**Problem requirements:** Reproduce nothing beyond the line containing "Fie că este". From the first line of the data below down to it, copy each line exactly, without the pictures.

Stored items from a collection
==================================================

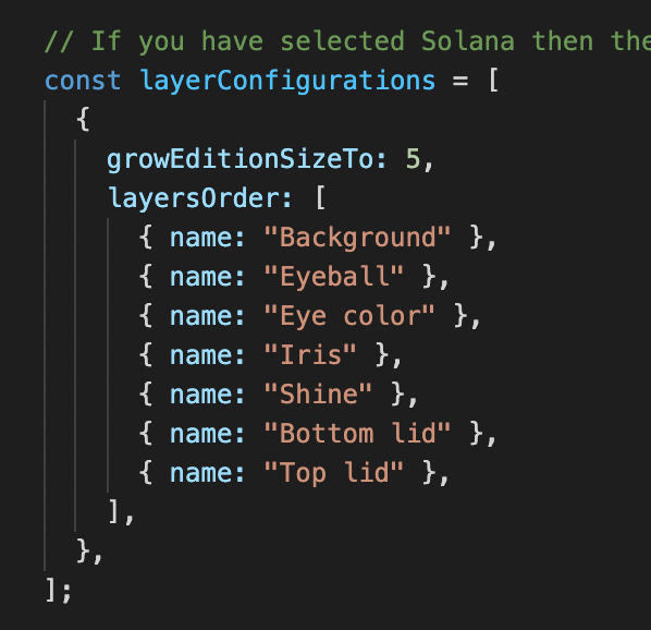 growEditionSizeTo는 몇 개의 NFT를 만들지를 정해줍니다. 이미지에서는 5개의 NFT를 만든다고 적혀있네요.
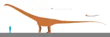 Barosaurus was an enormous animal, with some adults measuring about 25–27 m (82–89 ft) in length and weighing about 12–20 metric tons (13–22 short tons).[2][3][4] There are some indications of even larger individuals, such as the enormous cervical vertebra from the BYU 9024 specimen, which is 1.37 m (4.5 ft) long. Assuming it belongs to Barosaurus, this was an animal that was 48 m (157 ft) long and around 66 t (73 short tons) in weight making it one of the largest known dinosaurs, with a neck length of at least 15 m (49 ft) according to Mike Taylor.[5] In 2020 Molina-Perez and Larramendi estimated it to be slightly smaller at 45 m (148 ft) and 60 t (66 short tons).[6] However, abstracts from SVP indicate an assignment of BYU 9024 under Supersaurus.[7] Barosaurus was differently proportioned than its close relative Diplodocus, with a longer neck and shorter tail, but was about the same length overall. It was longer than Apatosaurus, but its skeleton was less robust.[8]
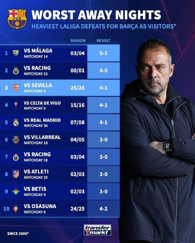 به بهانه شکست ۴-۱ مقابل سویا؛ 📊 سنگینترین شکستهای خارج از خانه بارسلونا در قرن ۲۱
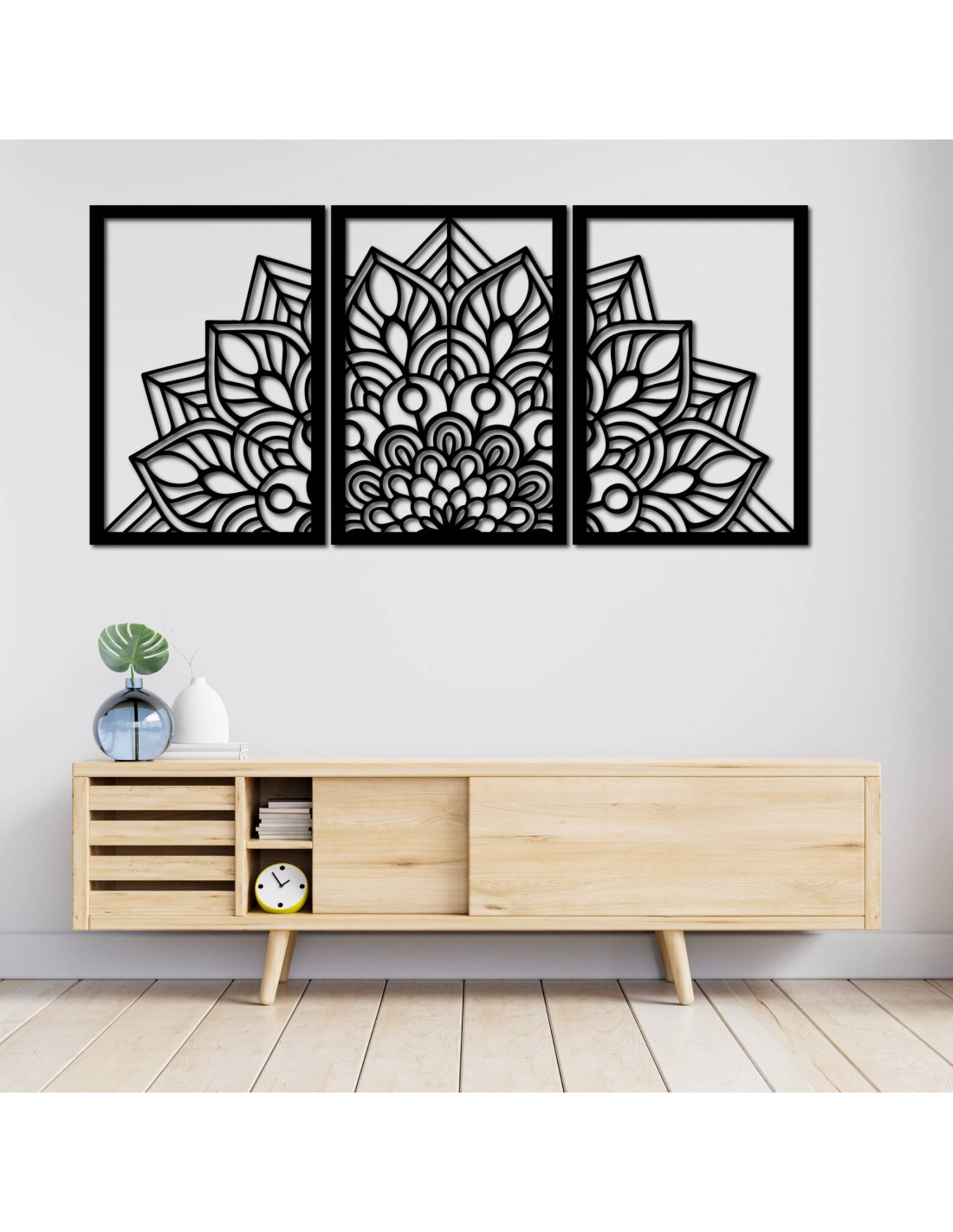 Fie că este vorba de un ceas de perete artistic în formă de mandală „florea vieții” cu siluete jucăușe de păsări sau de o mandală maiestuoasă în trei părți , aceste elemente deschid și măresc vizual spațiul datorită sculpturii lor precise.
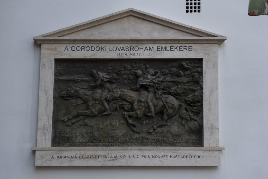 Az 1914-es gorodoki lovasroham emléktáblájának elkészítése Nemes György és Manno Miltiadész nevéhez kötődik. Utóbbi nemcsak kiváló művész, hanem sokoldalú sportoló is volt. Futott, kerékpározott, az 1901-1902-es labdarúgó idény gólkirálya lett, sőt a ’32-es olimpián művészeti kategóriában ezüstérmet nyert Birkózók című szobrával. Az első világháború kitörésekor népfelkelő huszár hadnagyként önként jelentkezett harctéri szolgálatra. 1914. augusztus 17-én részt vett a gorodoki lovasrohamban, ahol súlyos sebesülést szerzett a bokáján, amely véget vetett sportolói pályafutásának. Később azonban művészként idézte fel emlékeit: vázlatai alapján készült az említett bronz dombormű.
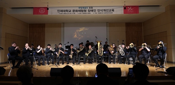 인제대학교는 21일 김해캠퍼스에서 시각장애인 전문 연주단체 한빛예술단을 초청해 ‘장애인식개선 문화체험형 교육’을 진행했다고 밝혔다. 단원들은 클래식과 영화음악 등 다채로운 곡을 선보이며, 장애를 넘어선 진정성 있는 무대로 큰 감동을 전했다.
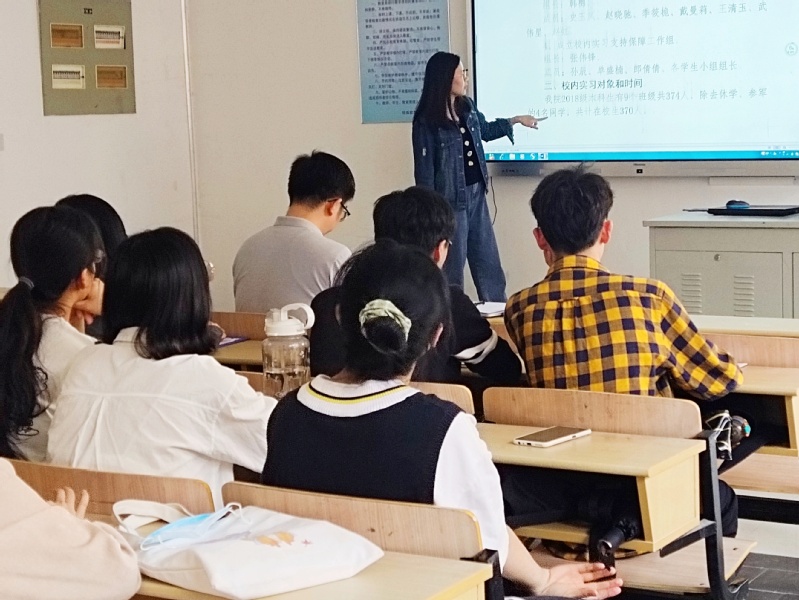 会议开始,由单盛楠老师解读学院2018级本科生校内实习工作方案。单老师详细介绍了本次校内实习的组织机构,实习对象、时间、教育实习和手翻实习内容、各阶段具体安排、材料上交的具体事宜等。本次校内实习经过反复研讨和沟通,制定了较周密的工作方案,落实了师生分组安排。并且针对不同专业,明确了校内实习内容和过程管理要求,确保校内实习工作能高效开展。
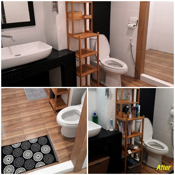 อินเทอร์เน็ตทำให้ชีวิตคนเราง่ายขึ้นจริง ๆ นะ เพราะแต่ก่อนอาจจะต้องจ้างมืออาชีพเกี่ยวกับการตกแต่งบ้านเข้ามาดูแล แต่ยังไงตอนนี้แค่คุณคลิกเข้าไปตามเว็บไซต์ต่าง ๆ ที่มีข้อมูลเกี่ยวกับบ้านก็มีข้อมูลให้ศึกษาแบบละเอียดยิบตั้งแต่แหล่งซื้อของจนถึงวิธีทำ เช่นเดียวกับ คุณ Ingrid สมาชิกเว็บไซต์พันทิปดอทคอม ที่ใช้วิธีศึกษาข้อมูลจากเว็บไซต์เหมือนกัน หลังจากนั้นก็เอามาปะติดปะต่อแล้ววางแผนก่อนลงมือรีโนเวท ห้องน้ำ ของตัวเอง แม้ระหว่างทำจะทำให้รู้สึกเหนื่อยหรือท้อไปบ้างแต่ก็พยายามทำจนสำเร็จ ซึ่งผลลัพธ์ที่ได้บอกเลยว่าสวยไม่เบาทีเดียว
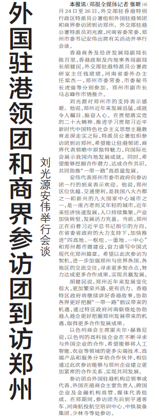 6月24日至26日,外交部驻香港特别行政区特派员公署组织外国驻港领团和商界参访团到访郑州。外交部驻港公署特派员刘光源,河南省委常委、郑州市委书记安伟出席有关活动并举行会谈。(今日《郑州日报》1版)
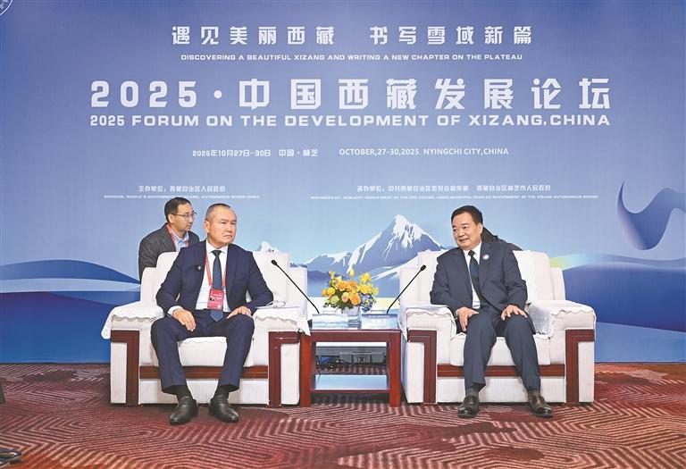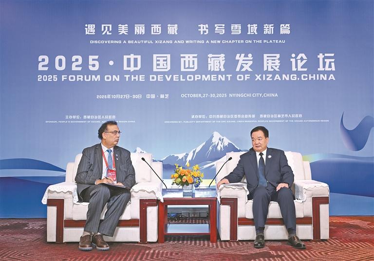 10月28日,自治區(qū)黨委書記王君正在林芝會見參加2025·中國西藏發(fā)展論壇的外國政要和駐華使節(jié)。這是王君正會見聯(lián)合國秘書長古特雷斯先生的代表,聯(lián)合國教科文組織駐華代表、東亞辦事處主任兼代表夏澤翰。本報(bào)記者 旦增西旦 攝
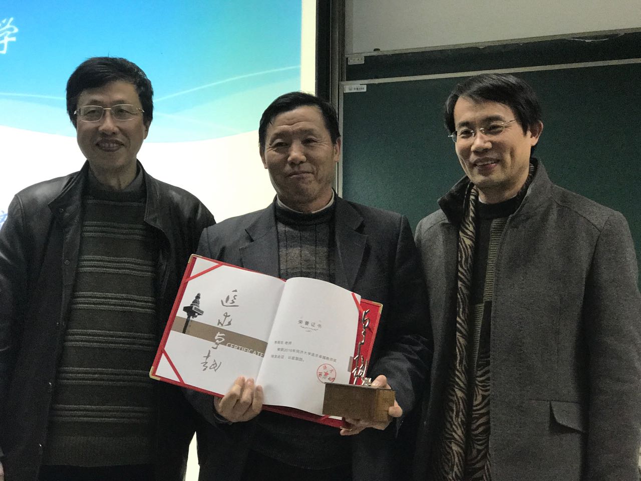 工作汇报后,在学院年度考核中被推荐为优秀的七位老师分别就各自的工作进行了年度成果汇报。经过全院教职工无记名投票,李雨生、苏育才、余斌三位老师荣获“2016年度a漫 优秀科研奖”、李莉娜老师荣获“2016年度a漫 优秀教学奖”、郝朝洋老师荣获“2016年度a漫 优秀管理奖”。

==================================================

**Finished task:**
 growEditionSizeTo는 몇 개의 NFT를 만들지를 정해줍니다. 이미지에서는 5개의 NFT를 만든다고 적혀있네요.
 Barosaurus was an enormous animal, with some adults measuring about 25–27 m (82–89 ft) in length and weighing about 12–20 metric tons (13–22 short tons).[2][3][4] There are some indications of even larger individuals, such as the enormous cervical vertebra from the BYU 9024 specimen, which is 1.37 m (4.5 ft) long. Assuming it belongs to Barosaurus, this was an animal that was 48 m (157 ft) long and around 66 t (73 short tons) in weight making it one of the largest known dinosaurs, with a neck length of at least 15 m (49 ft) according to Mike Taylor.[5] In 2020 Molina-Perez and Larramendi estimated it to be slightly smaller at 45 m (148 ft) and 60 t (66 short tons).[6] However, abstracts from SVP indicate an assignment of BYU 9024 under Supersaurus.[7] Barosaurus was differently proportioned than its close relative Diplodocus, with a longer neck and shorter tail, but was about the same length overall. It was longer than Apatosaurus, but its skeleton was less robust.[8]
 به بهانه شکست ۴-۱ مقابل سویا؛ 📊 سنگینترین شکستهای خارج از خانه بارسلونا در قرن ۲۱
 Fie că este vorba de un ceas de perete artistic în formă de mandală „florea vieții” cu siluete jucăușe de păsări sau de o mandală maiestuoasă în trei părți , aceste elemente deschid și măresc vizual spațiul datorită sculpturii lor precise.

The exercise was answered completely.